┏━━
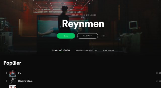 Geçtiğimiz günlerde ikinci şarkısı Ela ile Youtube'da izlenme rekoru kıran Reynmen yeni bir rekor daha kırdı. Şarkısı Spotify'da yayınlanan Reynmen, şarkının yayınlandığı gün ilk sıraya yerleşti ve tüm zamanların Türkiye günlük dinlenme rekorunu kırdı.
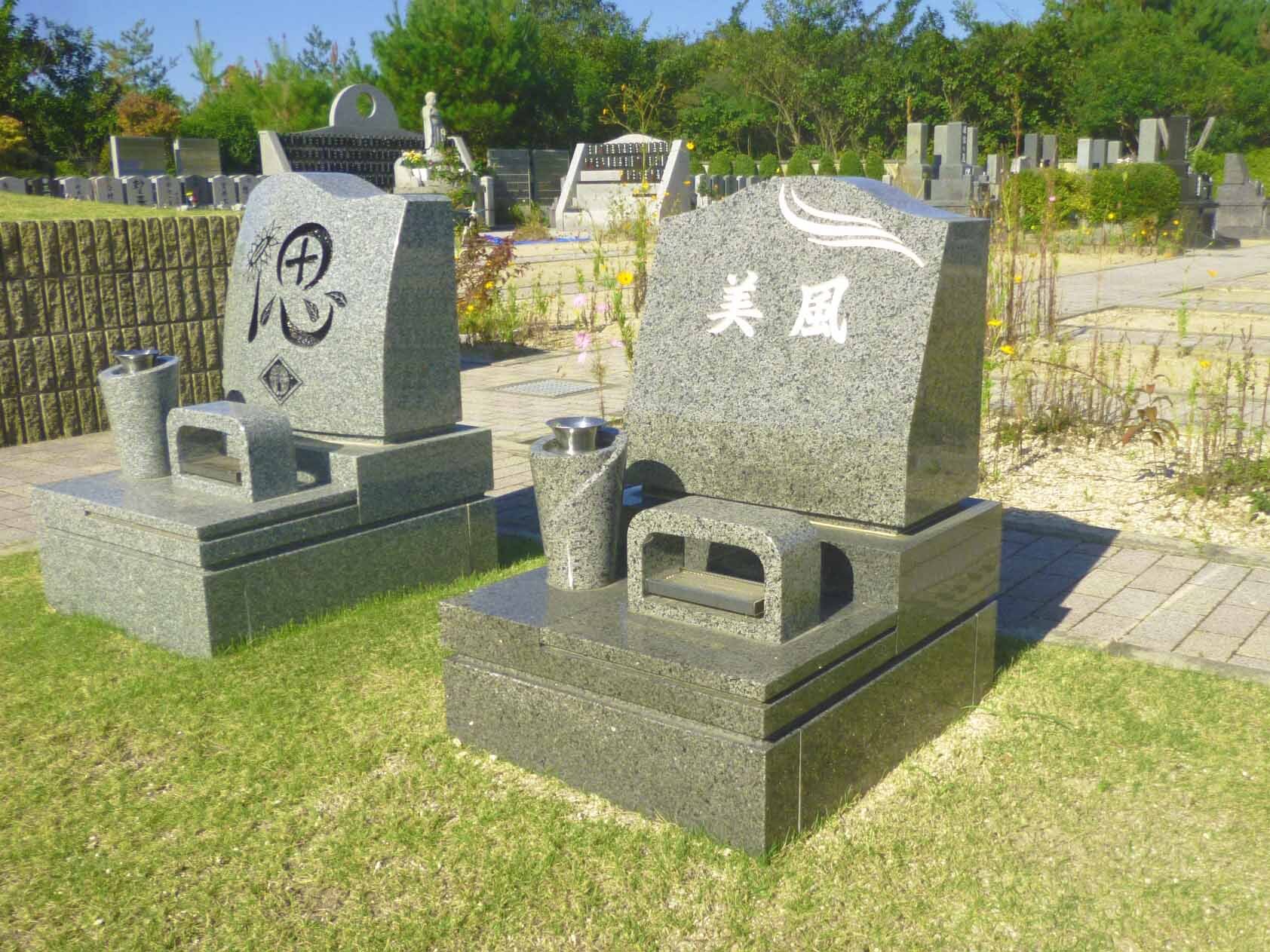 当霊園で人気の芝生区で、洋型墓石を建立いただきました。洋型墓石は、文字やイラストに想いのある方が多いのですが、こちらの施主様も「風」を彫刻しようと考えていたところ、想いのつまった「美」の文字も使って「美風」と決まりました。風のイラストも当社で何パターンか提案したところ、この写真のイラストに決まりました。文字、イラストも大きさにもこだわって完成した石碑です。施主様も喜んでいただきましたが、このご縁に関われた担当者も感謝の気持ちでいっぱいです。納骨式も無事に終わりましたが、式中もおだやかな風が包みこんでくれていた気がしました。
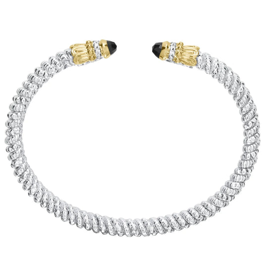VAHAN 14K Gold and Sterling Silver Black Onyx and Diamond Stackable Cuff Bracelet 3MM
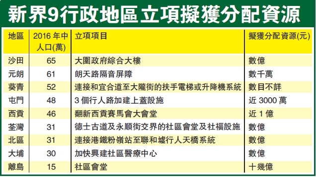 今屆政府在財政預算中預留80億元,以推展18區地區工程,并由民政事務局統籌資源分配予所需興建的社區綜合大樓或利便行人接駁設施等。近期,新界9個行政區已立項項目擬獲少至數千萬元,多則數億或者十幾億元不等的資源分配,惟是次資源分配方案與上屆政府平均每區獲1億元資源分配存在很大落差,故此,地區人士對今屆資源分配有赞有彈;赞者指可以集中資源興建社區會堂,彈者批評資源分配不公平,建議仍以地區人口分布作為考量分配資源。香港商報記者 周駿
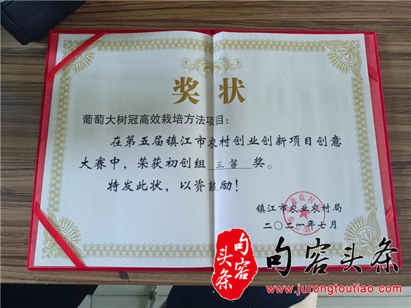 葡萄的品质提升了,岳建涛经营的葡萄园的口碑也变得越来越好。“去年受疫情影响,增加了邮政生鲜渠道,我们的葡萄销往北京、上海大城市以及周边地区,销售渠道主要以微信群、客户群等线上渠道为主,每年发出快递约两、三千箱。”岳建涛说。葡萄一挂果,就被来自南京、上海以及周边地区的客户抢空。他还通过邮寄的方式销售,销往更远的海南、黑龙江、宁夏等地,年收入也在逐步稳定。岳建涛的“葡萄平架大树冠栽培高效新模式”入选2021年镇江市大学生优秀创业项目和2020年省级大学生优秀创业项目。
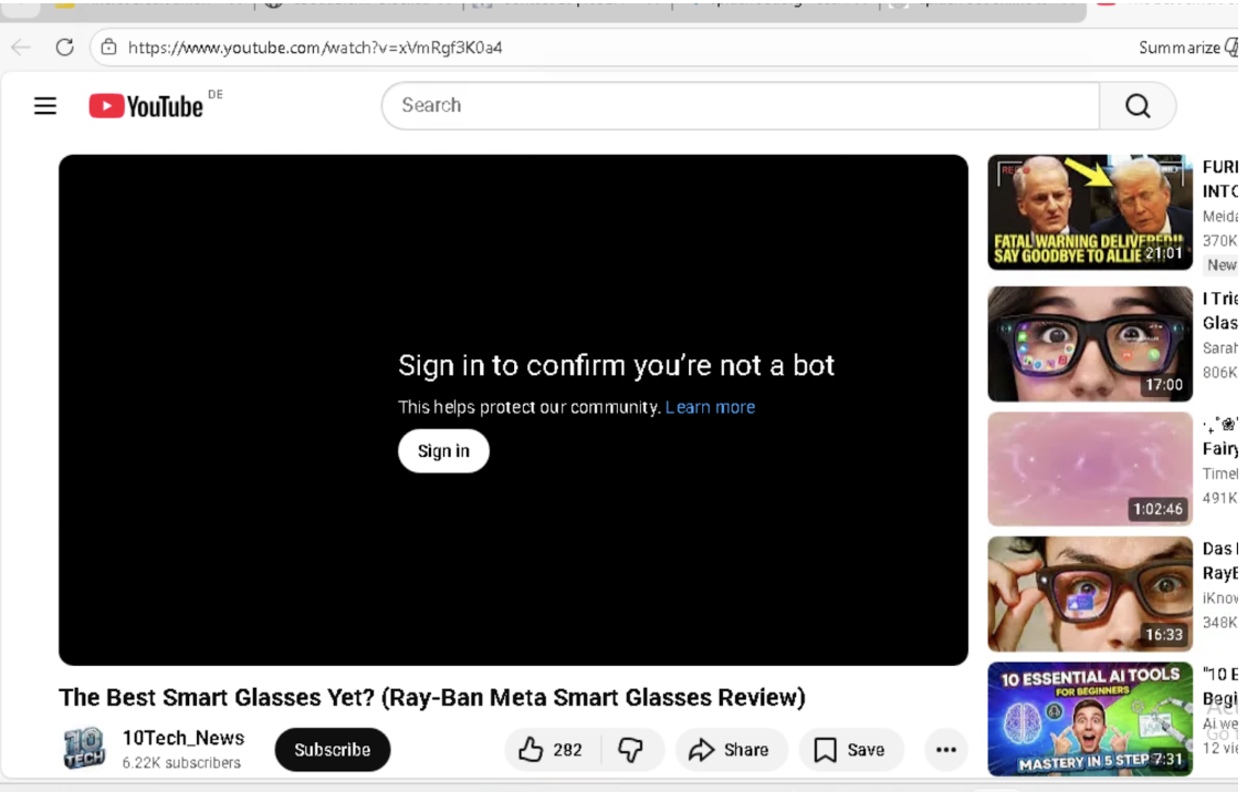 After clicking the “Download” button on spiderfoot.org, the user was redirected to a YouTube page rather than an official repository or release source. The page displayed a “Sign in to confirm you’re not a bot” message and did not provide a direct software download. This behavior breaks the expected software distribution path and introduces unrelated third-party infrastructure into the process.
┗━━
# Assignment:
Write out exactly the lines from the line that contains "葡萄的品质提升了,岳建涛经营" through the end of the material, including both ends. No pictures belong in the copy.

# Solution for this problem:
 葡萄的品质提升了,岳建涛经营的葡萄园的口碑也变得越来越好。“去年受疫情影响,增加了邮政生鲜渠道,我们的葡萄销往北京、上海大城市以及周边地区,销售渠道主要以微信群、客户群等线上渠道为主,每年发出快递约两、三千箱。”岳建涛说。葡萄一挂果,就被来自南京、上海以及周边地区的客户抢空。他还通过邮寄的方式销售,销往更远的海南、黑龙江、宁夏等地,年收入也在逐步稳定。岳建涛的“葡萄平架大树冠栽培高效新模式”入选2021年镇江市大学生优秀创业项目和2020年省级大学生优秀创业项目。
 After clicking the “Download” button on spiderfoot.org, the user was redirected to a YouTube page rather than an official repository or release source. The page displayed a “Sign in to confirm you’re not a bot” message and did not provide a direct software download. This behavior breaks the expected software distribution path and introduces unrelated third-party infrastructure into the process.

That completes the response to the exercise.